Preliminary Cause: Homicide – Single gunshot wound.
The name hit her like a physical blow. Mark Dowman.
The paper rattled slightly in her grip. Mark.
It had been precisely three weeks and four days since she last saw him. Their break-up had been a brutal, necessary thing—an electric, passionate romance, yes, but one constantly sabotaged by the volatile, arrogant core of the man who ran a multi-million-dollar jewelry company like a personal fiefdom. Dowman Jewels was his empire, and he was its self-proclaimed tyrant. He was beautiful, brilliant, and, ultimately, an asshole. The way he could switch from intimate, dark affection to cold, condescending dismissal had finally broken her.
We have to break up. That simple, wrenching phrase had been the culmination of weeks of agonizing fights and desperate, tender reconciliations. It was an inevitability they both knew, yet fought with every fiber of their entwined lives. The official cut had been clean, but the wound was still raw.
Now, he was dead. Homicide.
Jana stared at the ledger entry. The man who used his wealth and power as a shield was now reduced to a line of grim text on official stationery.

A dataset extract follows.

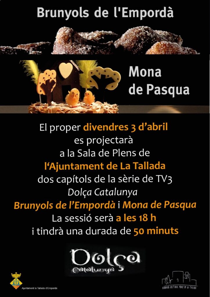 Divendres 3 d’abril es projectarà a la Sala de Plens de l’Ajuntament de La Tallada dos capítols de la sèrie de TV3 “Dolça Catalunya” – Brunyols de l’Empordà i Mona de Pasqua.
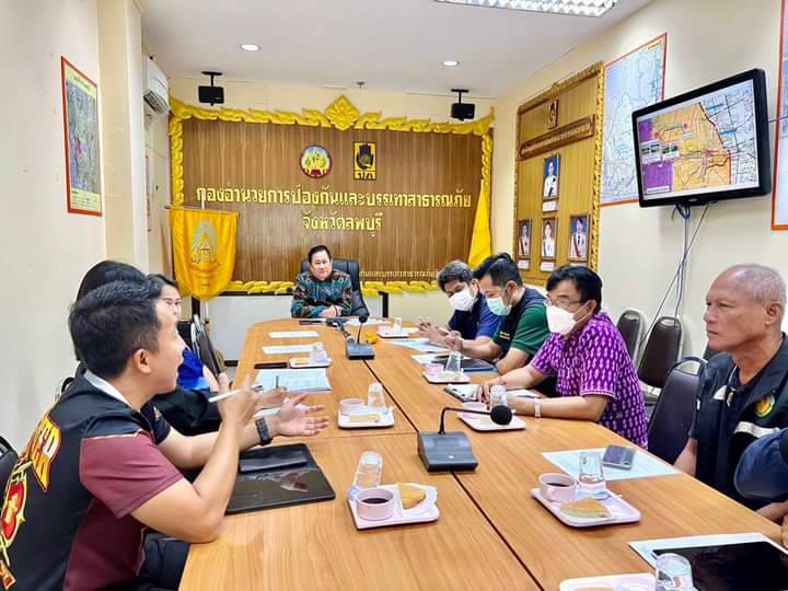 วันที่ 27 กันยายน 2566 เวลา 10.00 น. ที่ห้องประชุมนิรภัย สำนักงานป้องกันและบรรเทาสาธารณภัยจังหวัดลพบุรี ชั้น 2 ศาลากลางจังหวัดลพบุรี นายวิรพัฒน์ อ่อนสุระทุม หัวหน้าสำนักงานป้องกันและบรรเทาสาธารณภัยจังหวัดลพบุรี เป็นประธานประชุมหารือร่วมกับหน่วยงานที่เกี่ยวข้อง เพื่อปฏิบัติการแก้ไขปัญหาผักตบชวาและวัชพืชในแม่น้ำลพบุรี ที่ส่งผลต่อคุณภาพของน้ำและกีดขวางทางน้ำ โดยมีหน่วยงานที่เกี่ยวข้อง ประกอบด้วย สำนักงานป้องกันและบรรเทาสาธารณภัยจังหวัดลพบุรี,โครงการชลประทานจังหวัดลพบุรี,สำนักงานโยธาธิการและผังเมืองจ.ลพบุรี, สำนักงานเจ้าท่าภูมิภาคสาขาลพบุรี, อำเภอเมืองลพบุรี, โครงการส่งน้ำและบำรุงรักษาโคกกระเทียม และองค์กรปกครองส่วนท้องถิ่นที่เกี่ยวข้อง ซึ่งที่ประชุมได้มีข้อสรุป คือ ขอรับการสนับสนุนเครื่องจักร อุปกรณ์ในการดำเนินการจากสำนักงานชลประทานที่ 10 , โครงการชลประทานลพบุรี,องค์การบริหารส่วนจังหวัดลพบุรี และเทศบาลเมืองลพบุรี เพื่อดำเนินการขุดลอกผักตบชวาและวัชพืชดังกล่าว โดยหน่วยงานที่เกี่ยวข้อง กำหนดลงพื้นที่เพื่อวางแผนทรัพยากร และมอบหมายภารกิจให้หน่วยงานรับผิดชอบ ในวันศุกร์ที่ 29 กันยายน 2566 เวลา 10.00 น. ที่ องค์การบริหารส่วนตำบลพรหมมาสตร์ อ.เมืองลพบุรี จ.ลพบุรี และกำหนดกำจัดผักตบชวา ในแม่น้ำลพบุรี ในพุธที่ 4 ตุลาคม 2566 โดยจะเริ่มดำเนินการตั้งแต่ประตูระบายน้ำบางลี่ คลองระบายชัยนาท-ป่าสัก 3 ถึง ประตูระบานน้ำโพธิ์เก้าต้น แม่น้ำลพบุรี

A wave of nausea washed over her, followed by a sudden, intense flood of grief. Not for the difficult, controlling man he had become, but for the ghost of the man she had loved. She slumped forward, resting her head in her hands, letting the raw, unfiltered shock take hold.
He’s gone. Murdered.
The training, the years of building a wall against emotional intrusion, eventually kicked in. Her trembling hand reached for the teacup, but her eyes were already fixed back on the document.
Why was this sent to her?
Tucked beneath the ledger copy was a small, folded note, scrawled quickly with a fountain pen:
The Inspectors believe it was a common thief. They’ll file it as a robbery gone wrong and close the book swiftly. The Dowman family is pushing for quiet. Mark had enemies. Now you know. The city demands a truth greater than the official one.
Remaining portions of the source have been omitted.